#### [Required action]
From first line to last, print the records exactly, but leave out the pictures.

Records excerpted from a collection:

------------------------------

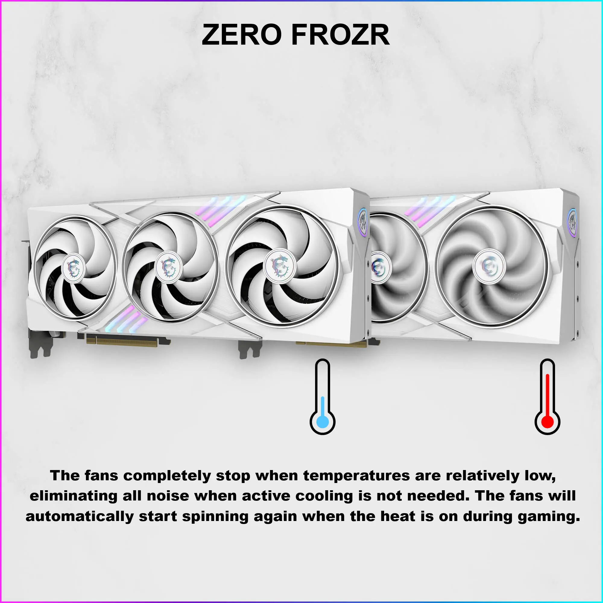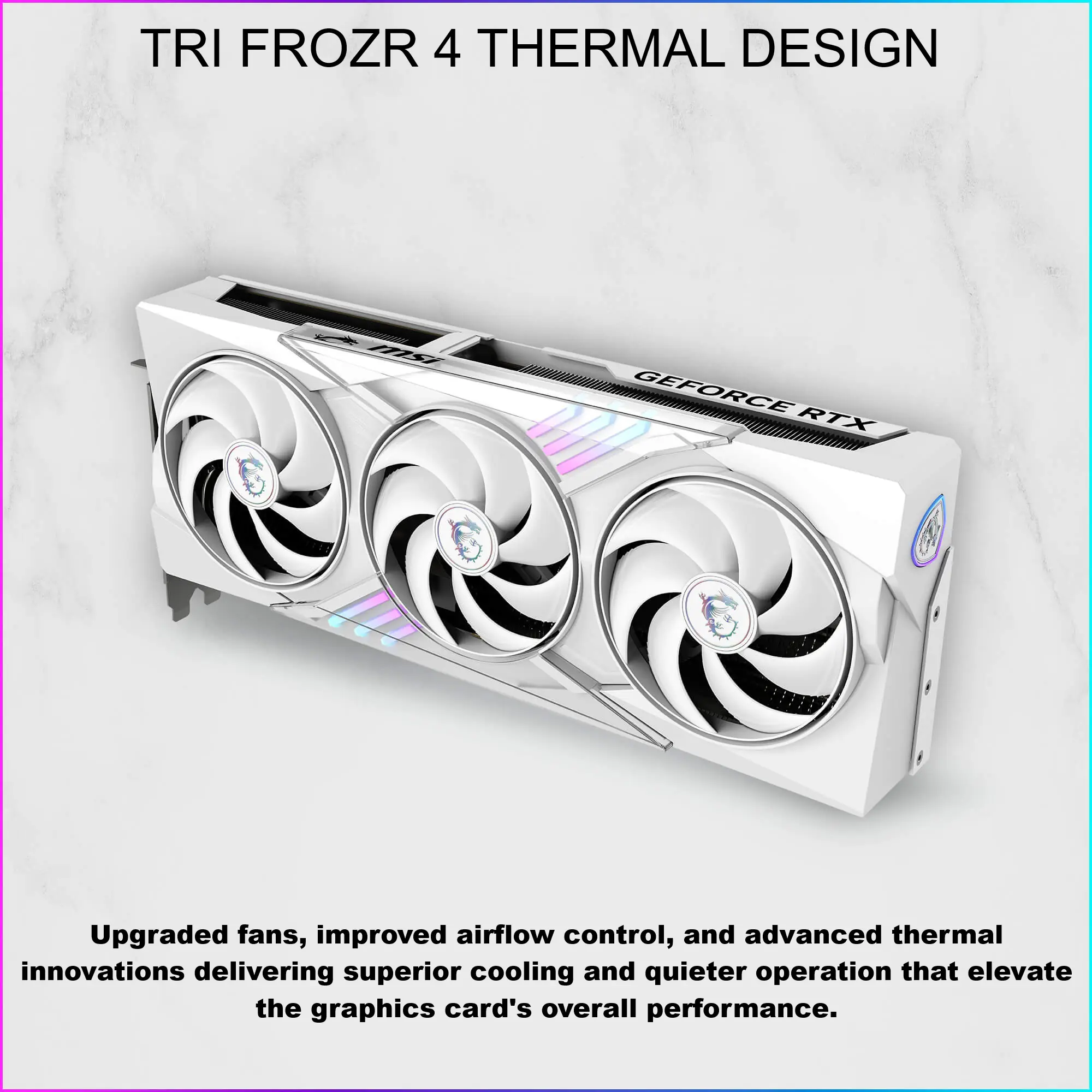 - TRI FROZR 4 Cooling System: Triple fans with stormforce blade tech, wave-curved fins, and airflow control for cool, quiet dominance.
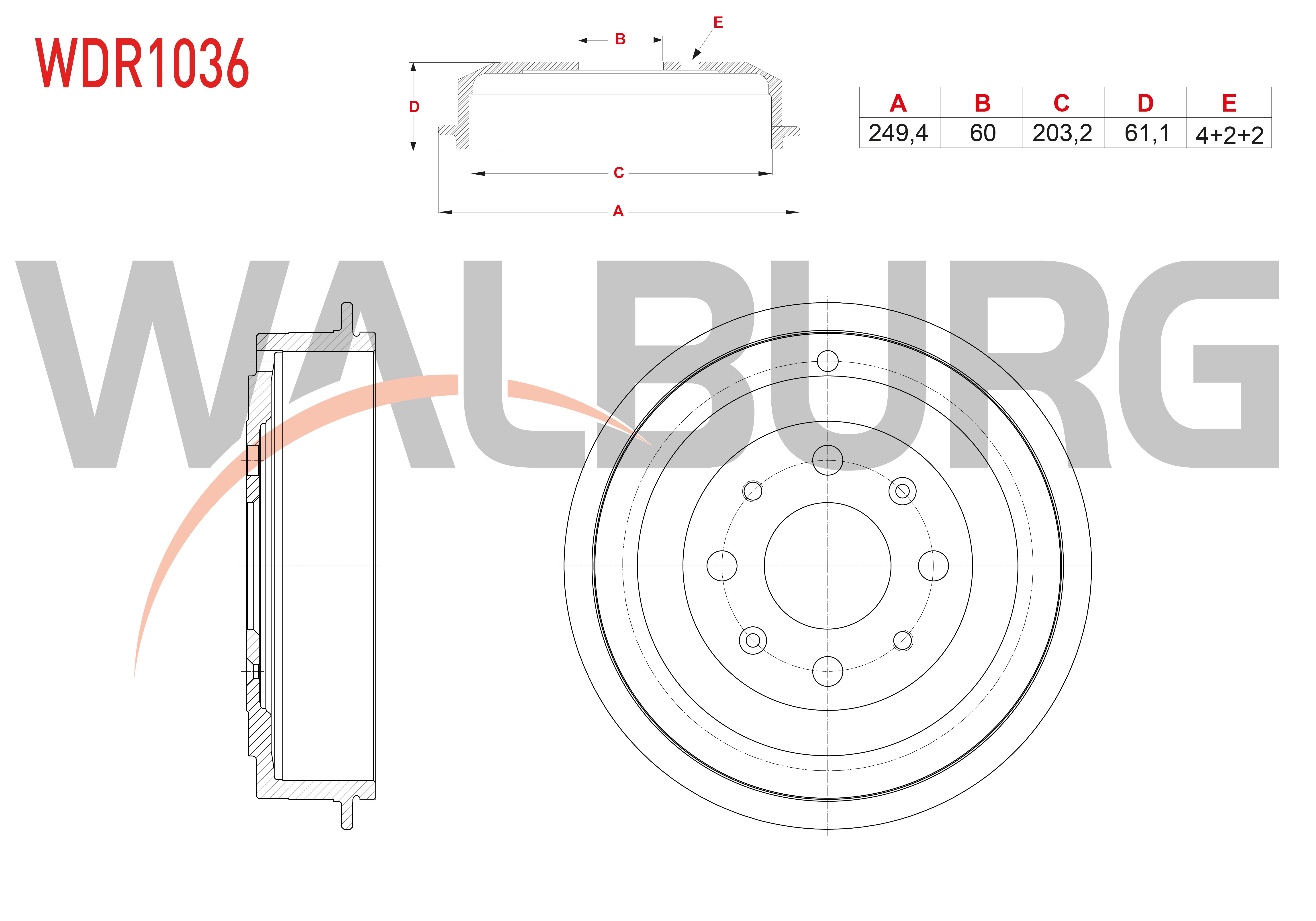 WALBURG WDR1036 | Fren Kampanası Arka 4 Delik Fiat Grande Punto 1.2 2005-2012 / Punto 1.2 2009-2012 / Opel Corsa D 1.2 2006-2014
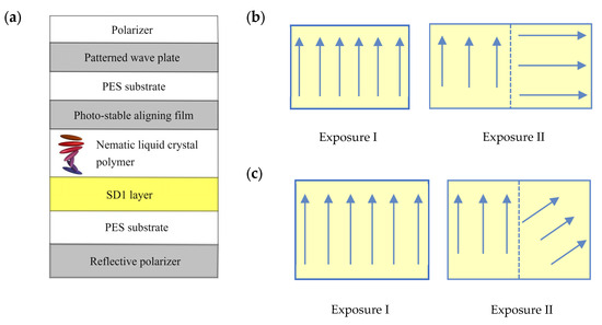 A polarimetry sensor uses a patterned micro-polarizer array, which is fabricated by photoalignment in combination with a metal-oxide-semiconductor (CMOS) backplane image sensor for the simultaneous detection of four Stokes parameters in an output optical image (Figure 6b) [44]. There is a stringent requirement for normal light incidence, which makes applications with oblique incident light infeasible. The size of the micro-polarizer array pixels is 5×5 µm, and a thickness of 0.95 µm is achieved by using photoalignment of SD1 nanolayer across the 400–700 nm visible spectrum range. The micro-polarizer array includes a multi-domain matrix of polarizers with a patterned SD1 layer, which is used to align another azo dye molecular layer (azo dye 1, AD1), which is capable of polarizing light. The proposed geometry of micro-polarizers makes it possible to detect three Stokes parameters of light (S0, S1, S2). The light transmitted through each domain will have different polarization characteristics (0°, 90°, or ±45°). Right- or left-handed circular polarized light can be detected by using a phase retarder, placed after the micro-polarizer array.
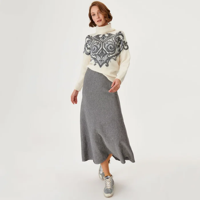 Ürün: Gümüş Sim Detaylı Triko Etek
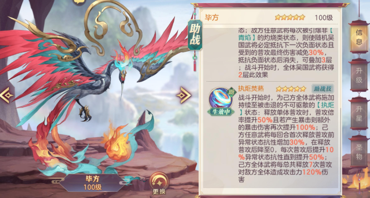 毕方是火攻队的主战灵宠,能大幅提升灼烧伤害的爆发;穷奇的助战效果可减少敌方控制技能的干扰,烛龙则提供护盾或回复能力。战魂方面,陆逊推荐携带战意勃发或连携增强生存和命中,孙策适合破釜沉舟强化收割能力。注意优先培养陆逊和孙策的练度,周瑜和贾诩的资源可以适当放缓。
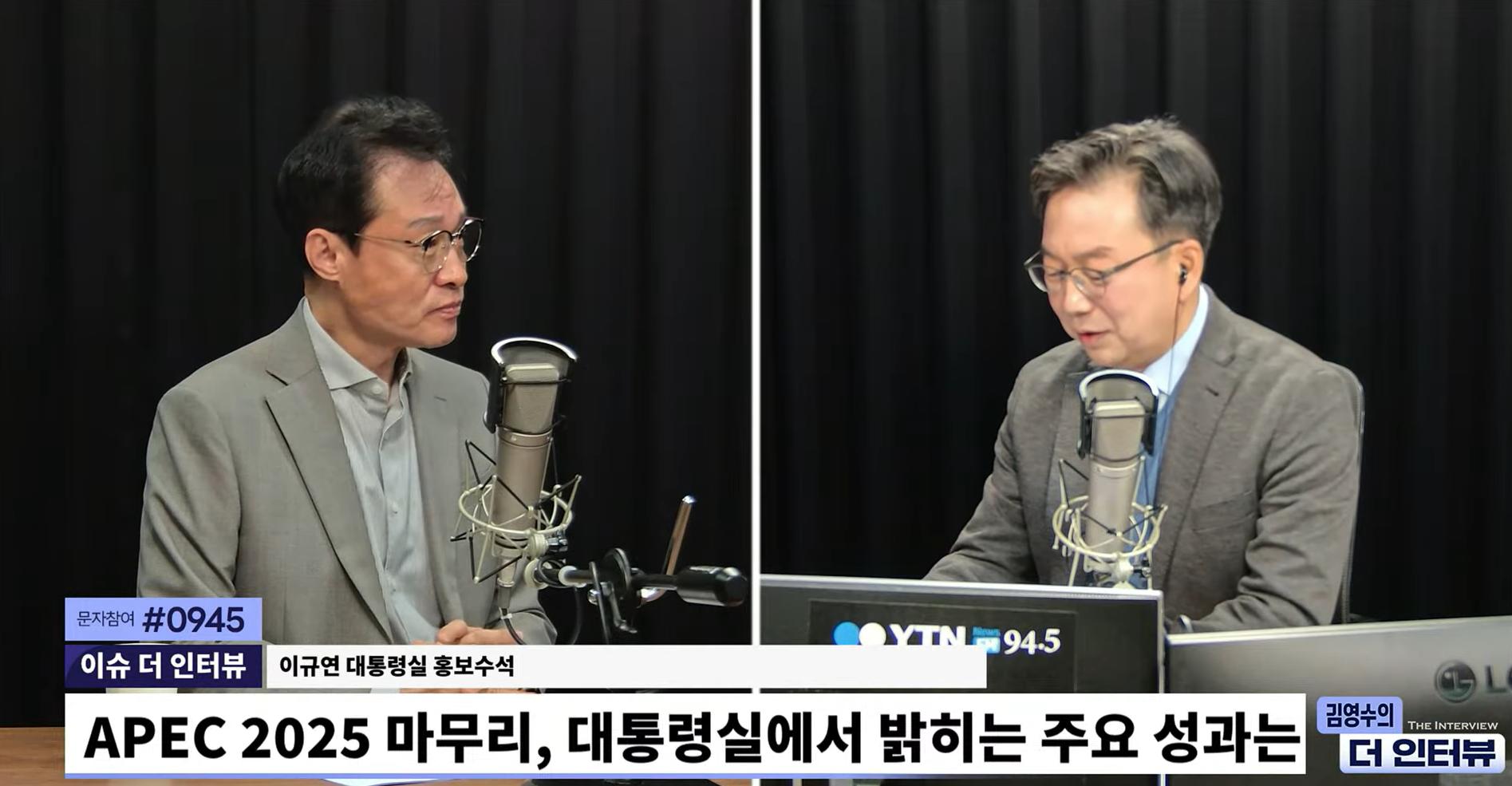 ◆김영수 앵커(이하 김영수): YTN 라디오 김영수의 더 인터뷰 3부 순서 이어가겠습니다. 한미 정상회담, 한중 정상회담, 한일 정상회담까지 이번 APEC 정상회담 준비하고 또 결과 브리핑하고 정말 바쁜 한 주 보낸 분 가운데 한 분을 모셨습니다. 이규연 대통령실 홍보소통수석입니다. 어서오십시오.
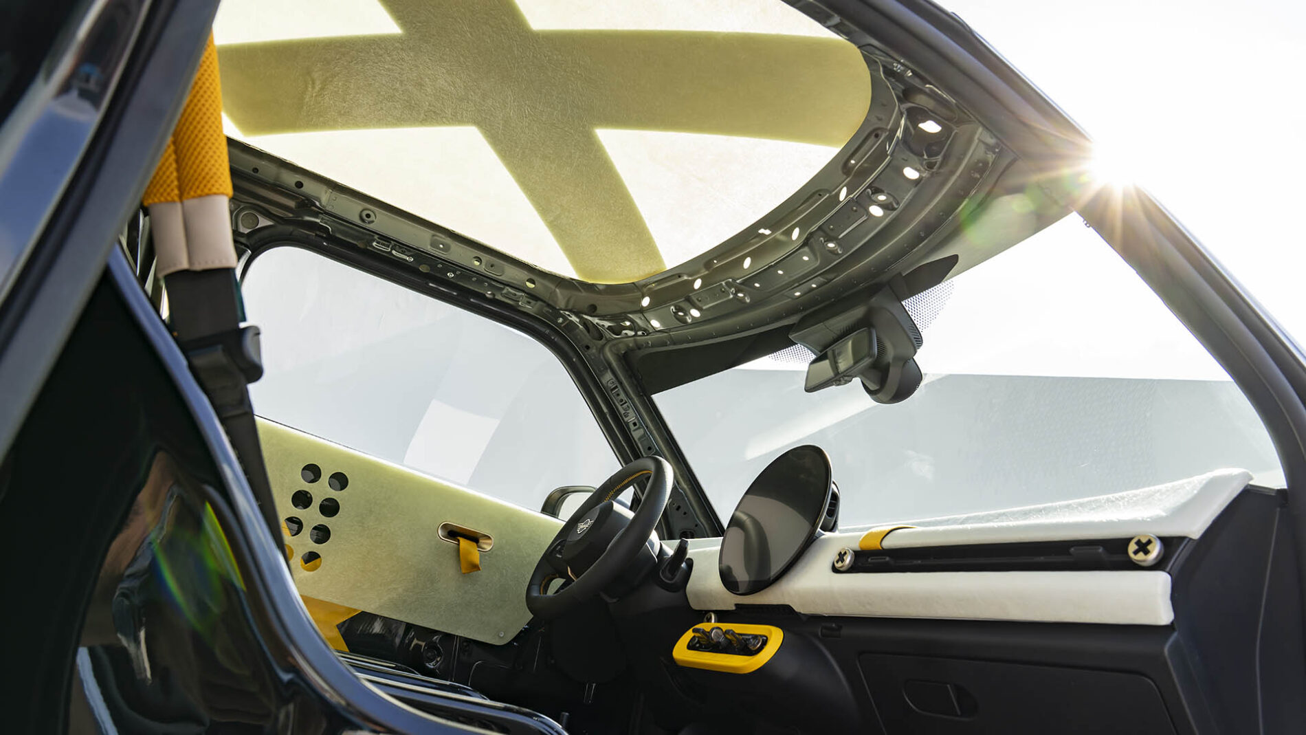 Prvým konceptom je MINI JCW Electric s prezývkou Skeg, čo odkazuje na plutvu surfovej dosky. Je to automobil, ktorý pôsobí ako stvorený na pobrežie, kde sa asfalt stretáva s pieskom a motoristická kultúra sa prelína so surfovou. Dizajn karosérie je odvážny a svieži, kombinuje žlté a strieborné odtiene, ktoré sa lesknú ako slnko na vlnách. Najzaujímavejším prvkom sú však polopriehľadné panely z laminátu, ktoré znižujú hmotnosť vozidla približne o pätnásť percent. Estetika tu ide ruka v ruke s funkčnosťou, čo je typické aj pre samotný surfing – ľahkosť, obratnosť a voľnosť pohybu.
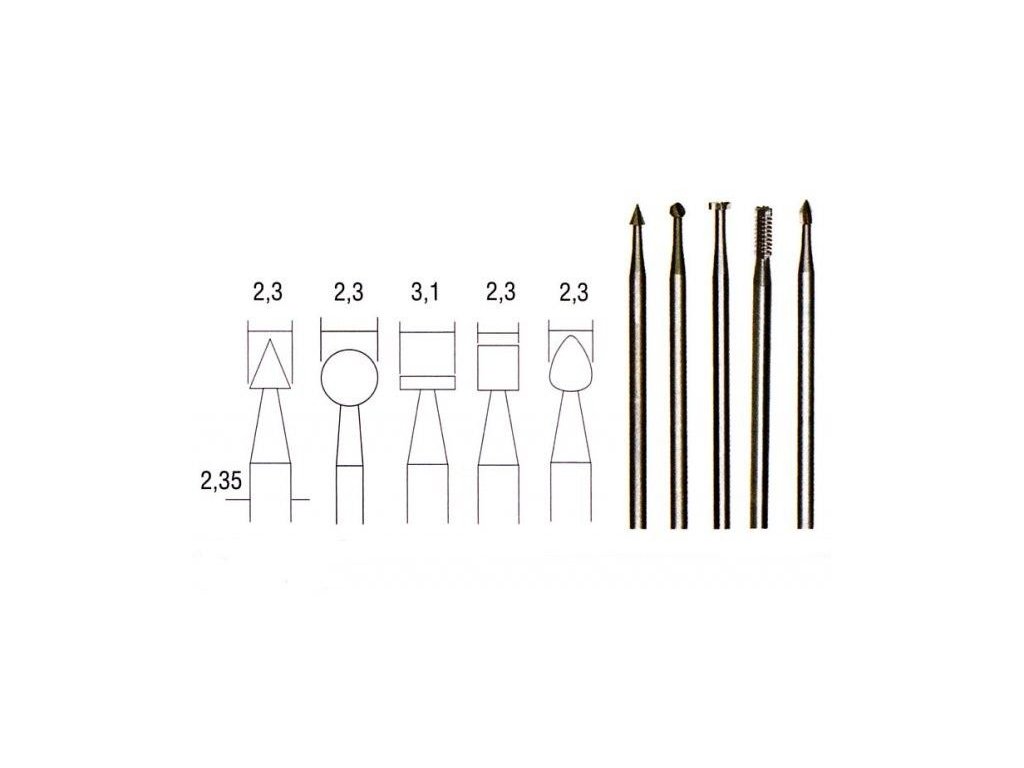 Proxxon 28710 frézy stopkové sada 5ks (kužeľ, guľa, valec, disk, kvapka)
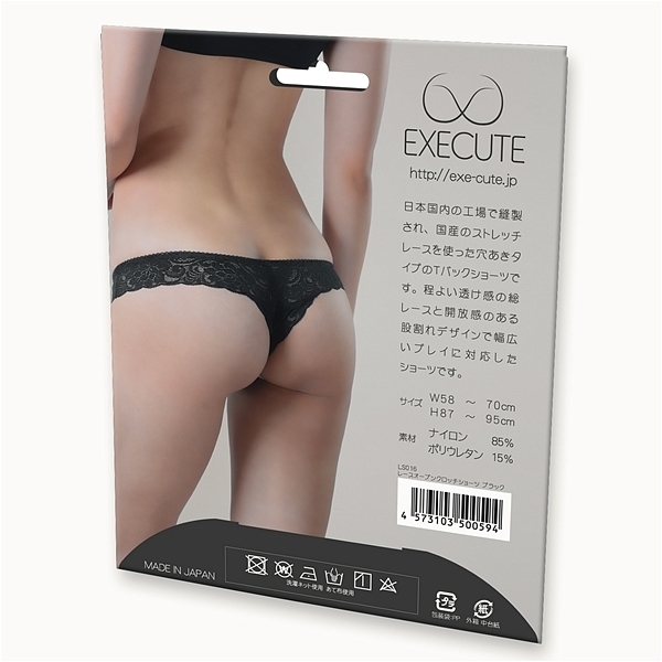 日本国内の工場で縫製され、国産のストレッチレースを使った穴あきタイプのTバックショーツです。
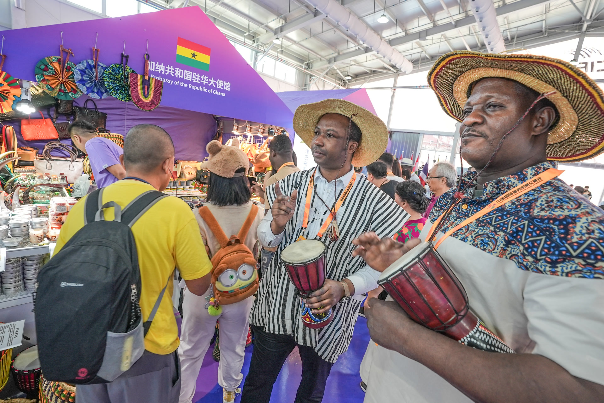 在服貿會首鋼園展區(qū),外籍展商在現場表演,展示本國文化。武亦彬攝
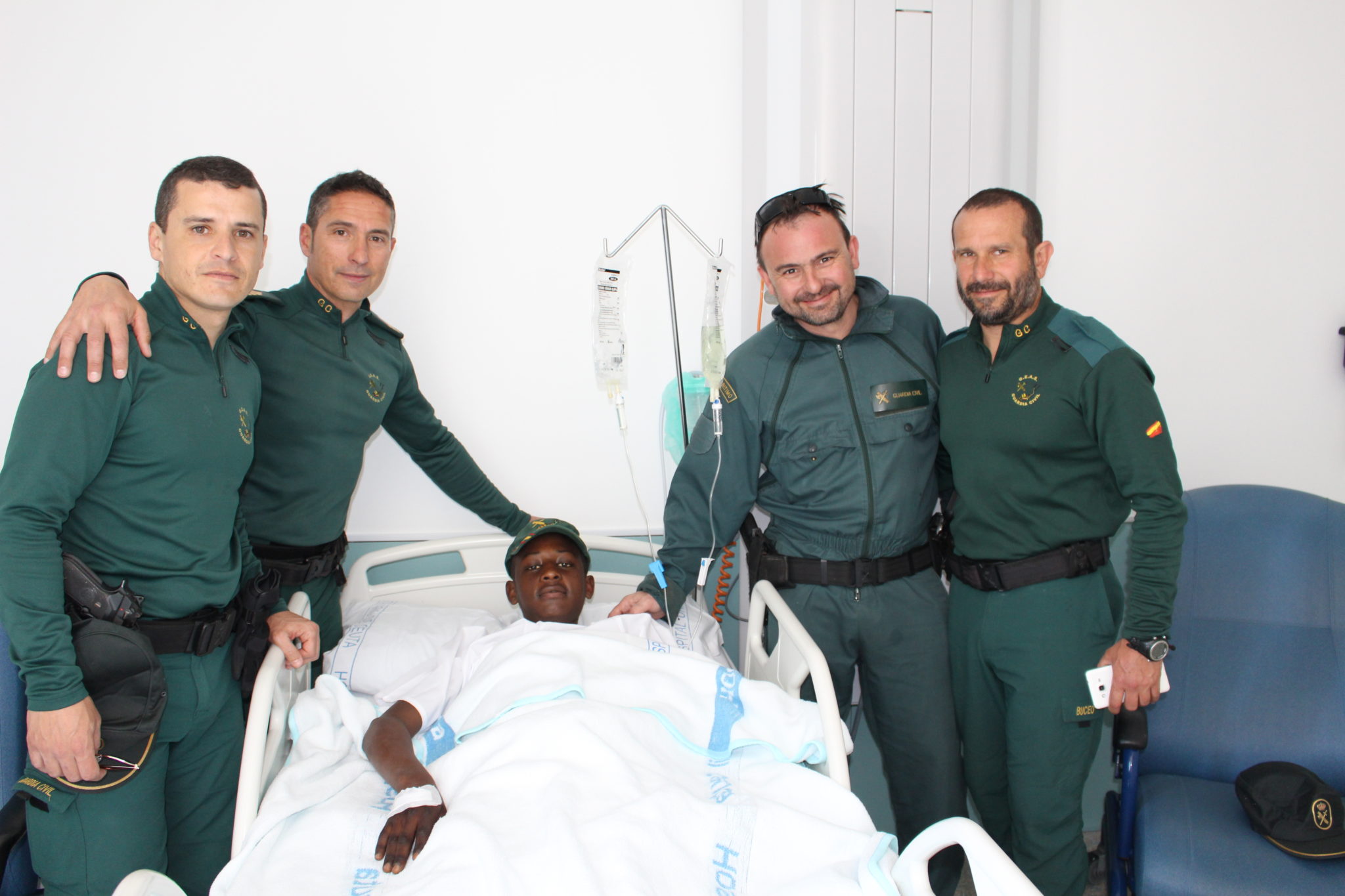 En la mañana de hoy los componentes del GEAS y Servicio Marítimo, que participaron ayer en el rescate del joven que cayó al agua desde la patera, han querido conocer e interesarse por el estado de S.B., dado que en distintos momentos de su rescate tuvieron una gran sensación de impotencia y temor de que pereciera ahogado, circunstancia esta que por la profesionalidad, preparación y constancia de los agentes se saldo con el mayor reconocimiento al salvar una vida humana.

------------------------------

#### [Solution to this exercise]
 - TRI FROZR 4 Cooling System: Triple fans with stormforce blade tech, wave-curved fins, and airflow control for cool, quiet dominance.
 WALBURG WDR1036 | Fren Kampanası Arka 4 Delik Fiat Grande Punto 1.2 2005-2012 / Punto 1.2 2009-2012 / Opel Corsa D 1.2 2006-2014
 A polarimetry sensor uses a patterned micro-polarizer array, which is fabricated by photoalignment in combination with a metal-oxide-semiconductor (CMOS) backplane image sensor for the simultaneous detection of four Stokes parameters in an output optical image (Figure 6b) [44]. There is a stringent requirement for normal light incidence, which makes applications with oblique incident light infeasible. The size of the micro-polarizer array pixels is 5×5 µm, and a thickness of 0.95 µm is achieved by using photoalignment of SD1 nanolayer across the 400–700 nm visible spectrum range. The micro-polarizer array includes a multi-domain matrix of polarizers with a patterned SD1 layer, which is used to align another azo dye molecular layer (azo dye 1, AD1), which is capable of polarizing light. The proposed geometry of micro-polarizers makes it possible to detect three Stokes parameters of light (S0, S1, S2). The light transmitted through each domain will have different polarization characteristics (0°, 90°, or ±45°). Right- or left-handed circular polarized light can be detected by using a phase retarder, placed after the micro-polarizer array.
 Ürün: Gümüş Sim Detaylı Triko Etek
 毕方是火攻队的主战灵宠,能大幅提升灼烧伤害的爆发;穷奇的助战效果可减少敌方控制技能的干扰,烛龙则提供护盾或回复能力。战魂方面,陆逊推荐携带战意勃发或连携增强生存和命中,孙策适合破釜沉舟强化收割能力。注意优先培养陆逊和孙策的练度,周瑜和贾诩的资源可以适当放缓。
 ◆김영수 앵커(이하 김영수): YTN 라디오 김영수의 더 인터뷰 3부 순서 이어가겠습니다. 한미 정상회담, 한중 정상회담, 한일 정상회담까지 이번 APEC 정상회담 준비하고 또 결과 브리핑하고 정말 바쁜 한 주 보낸 분 가운데 한 분을 모셨습니다. 이규연 대통령실 홍보소통수석입니다. 어서오십시오.
 Prvým konceptom je MINI JCW Electric s prezývkou Skeg, čo odkazuje na plutvu surfovej dosky. Je to automobil, ktorý pôsobí ako stvorený na pobrežie, kde sa asfalt stretáva s pieskom a motoristická kultúra sa prelína so surfovou. Dizajn karosérie je odvážny a svieži, kombinuje žlté a strieborné odtiene, ktoré sa lesknú ako slnko na vlnách. Najzaujímavejším prvkom sú však polopriehľadné panely z laminátu, ktoré znižujú hmotnosť vozidla približne o pätnásť percent. Estetika tu ide ruka v ruke s funkčnosťou, čo je typické aj pre samotný surfing – ľahkosť, obratnosť a voľnosť pohybu.
 Proxxon 28710 frézy stopkové sada 5ks (kužeľ, guľa, valec, disk, kvapka)
 日本国内の工場で縫製され、国産のストレッチレースを使った穴あきタイプのTバックショーツです。
 在服貿會首鋼園展區(qū),外籍展商在現場表演,展示本國文化。武亦彬攝
 En la mañana de hoy los componentes del GEAS y Servicio Marítimo, que participaron ayer en el rescate del joven que cayó al agua desde la patera, han querido conocer e interesarse por el estado de S.B., dado que en distintos momentos de su rescate tuvieron una gran sensación de impotencia y temor de que pereciera ahogado, circunstancia esta que por la profesionalidad, preparación y constancia de los agentes se saldo con el mayor reconocimiento al salvar una vida humana.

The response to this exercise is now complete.